◆ SUPPLIED DATA:
BEGIN

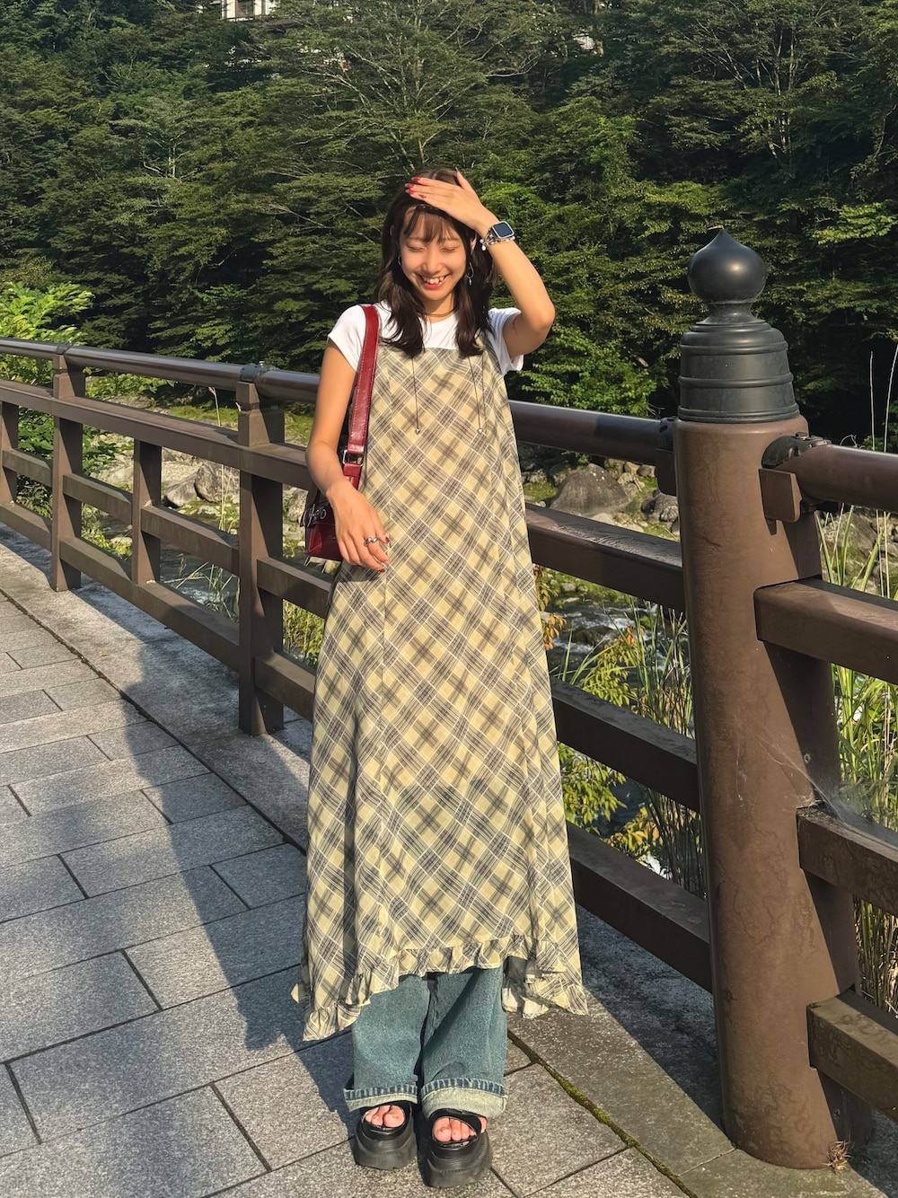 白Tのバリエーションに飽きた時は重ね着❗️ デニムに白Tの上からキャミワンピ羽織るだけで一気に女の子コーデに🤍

END
BEGIN

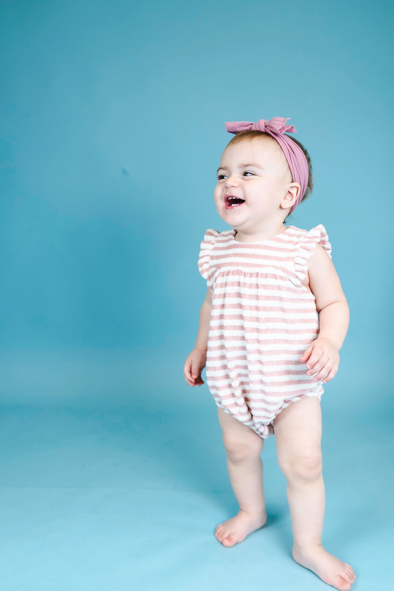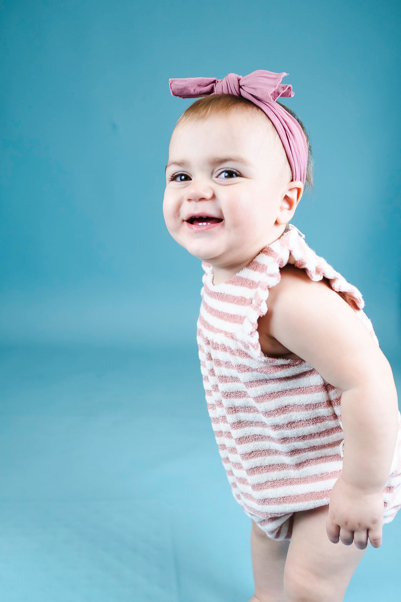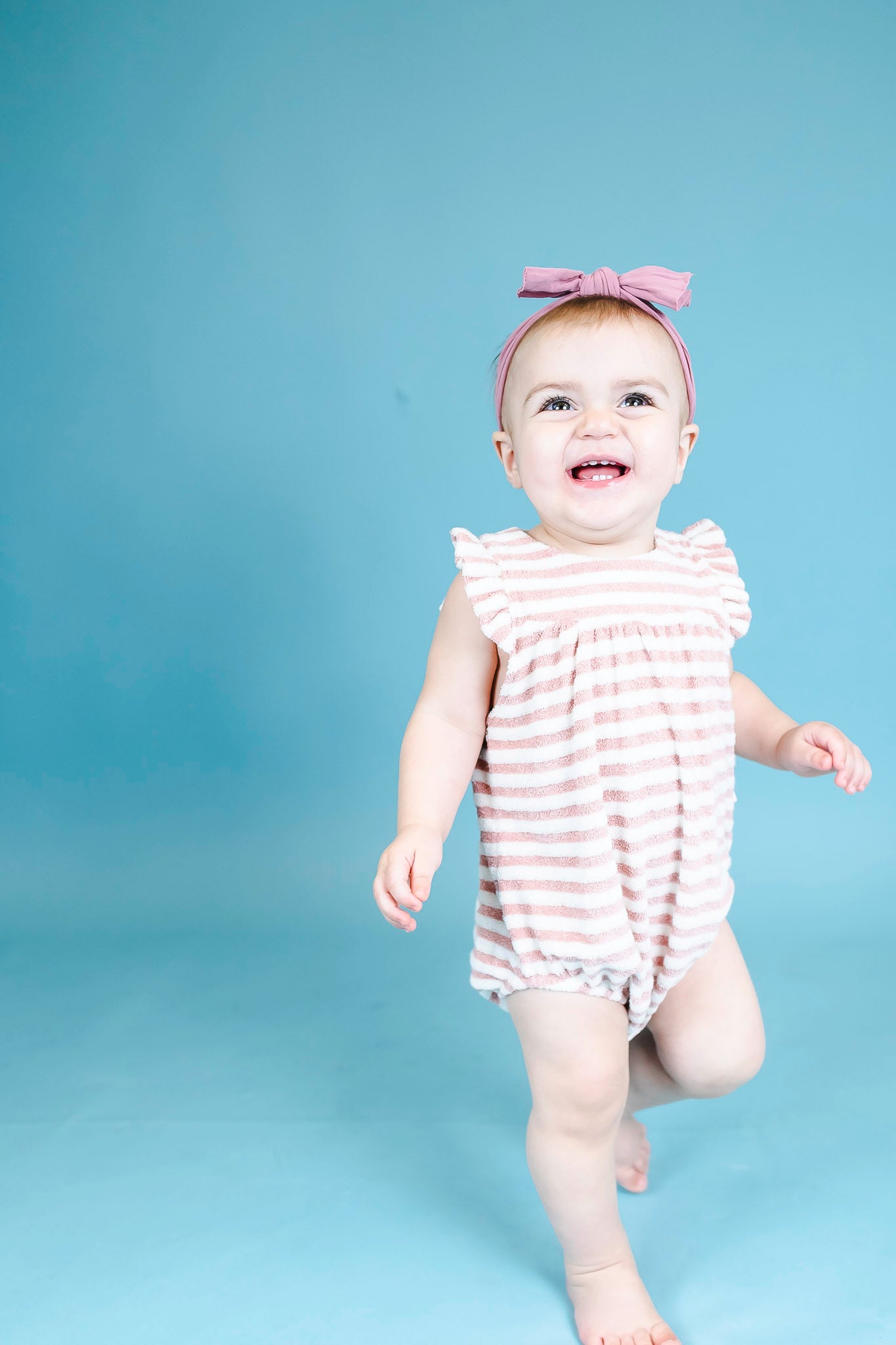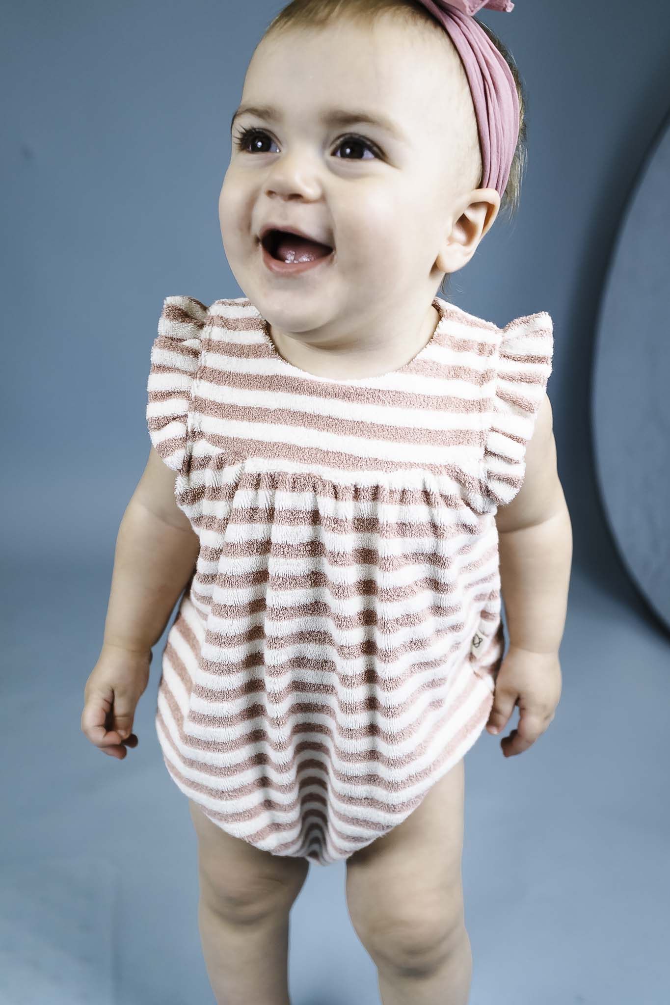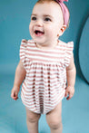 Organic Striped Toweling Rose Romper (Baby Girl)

END
BEGIN

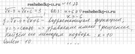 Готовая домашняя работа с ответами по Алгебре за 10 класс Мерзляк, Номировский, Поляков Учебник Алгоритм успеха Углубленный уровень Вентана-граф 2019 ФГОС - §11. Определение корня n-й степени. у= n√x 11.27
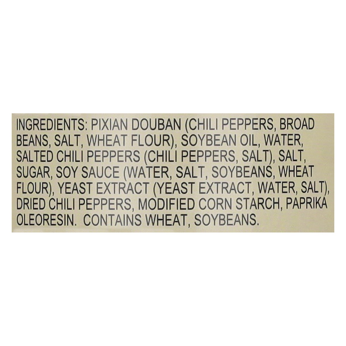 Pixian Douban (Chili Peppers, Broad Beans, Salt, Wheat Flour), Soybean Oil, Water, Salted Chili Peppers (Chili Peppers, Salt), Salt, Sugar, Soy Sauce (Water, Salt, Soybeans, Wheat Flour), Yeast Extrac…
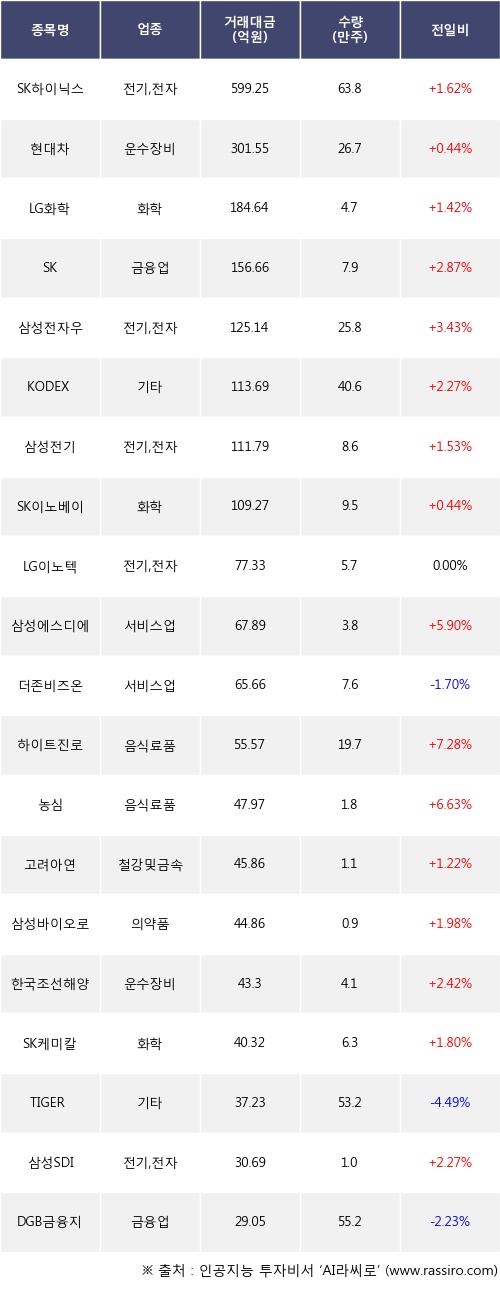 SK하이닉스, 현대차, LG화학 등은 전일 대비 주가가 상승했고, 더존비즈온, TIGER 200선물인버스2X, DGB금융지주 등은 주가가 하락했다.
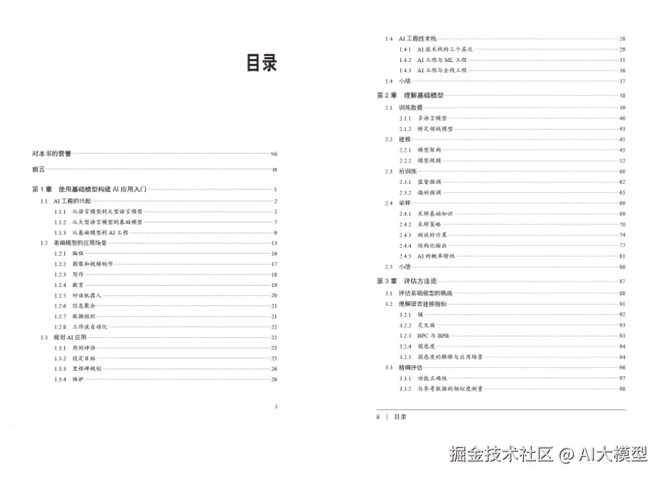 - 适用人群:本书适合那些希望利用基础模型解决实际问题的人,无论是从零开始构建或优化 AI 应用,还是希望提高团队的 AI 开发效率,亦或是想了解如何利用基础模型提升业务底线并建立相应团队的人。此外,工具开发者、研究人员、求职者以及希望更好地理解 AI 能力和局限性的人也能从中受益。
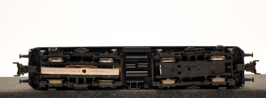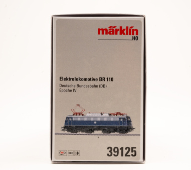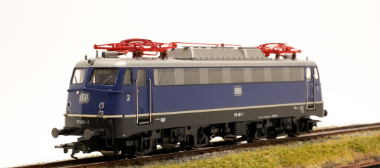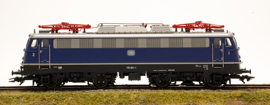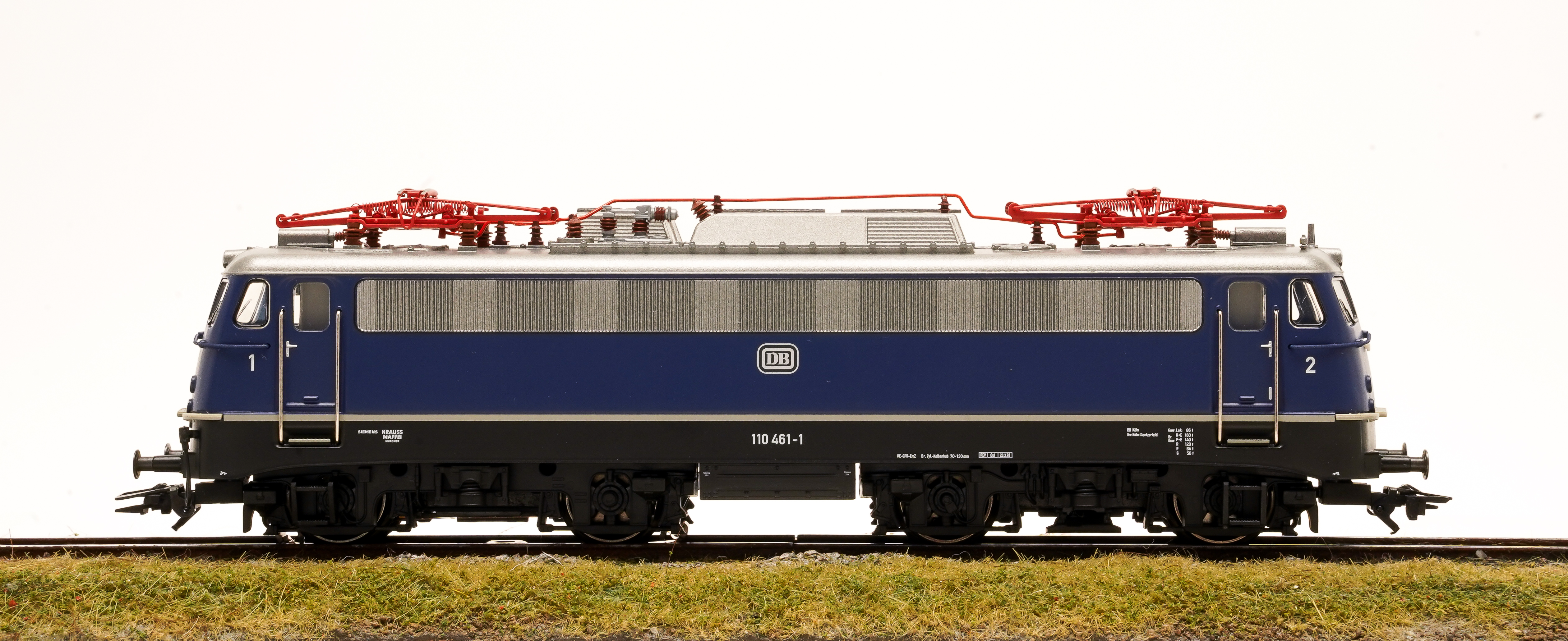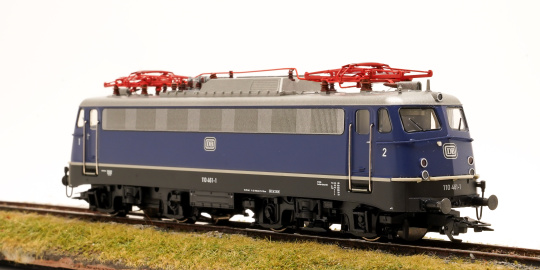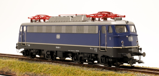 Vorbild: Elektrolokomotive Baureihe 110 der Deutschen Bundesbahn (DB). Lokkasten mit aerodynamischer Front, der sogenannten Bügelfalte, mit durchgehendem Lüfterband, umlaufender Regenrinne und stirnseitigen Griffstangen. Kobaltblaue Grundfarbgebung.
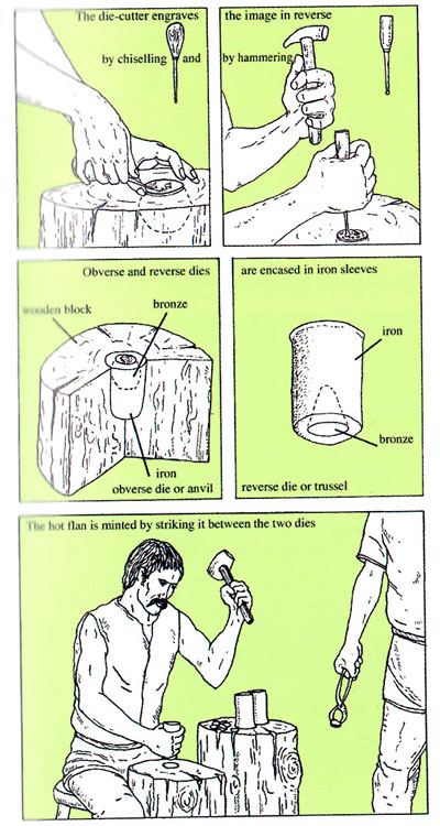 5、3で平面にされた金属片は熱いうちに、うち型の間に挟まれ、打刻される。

END

◆ PROBLEM STATEMENT: I'd like the lines above repeated exactly, from the one that contains "- 适用人群:本书适合那些希望利用基础模型解决实际问题的人,无论是从零开始构建或优化 AI" through the one that contains "5、3で平面にされた金属片は熱いうちに、うち型の間に挟まれ、打刻される。", with no pictures.

◆ EXPECTED ANSWER:
 - 适用人群:本书适合那些希望利用基础模型解决实际问题的人,无论是从零开始构建或优化 AI 应用,还是希望提高团队的 AI 开发效率,亦或是想了解如何利用基础模型提升业务底线并建立相应团队的人。此外,工具开发者、研究人员、求职者以及希望更好地理解 AI 能力和局限性的人也能从中受益。
 Vorbild: Elektrolokomotive Baureihe 110 der Deutschen Bundesbahn (DB). Lokkasten mit aerodynamischer Front, der sogenannten Bügelfalte, mit durchgehendem Lüfterband, umlaufender Regenrinne und stirnseitigen Griffstangen. Kobaltblaue Grundfarbgebung.
 5、3で平面にされた金属片は熱いうちに、うち型の間に挟まれ、打刻される。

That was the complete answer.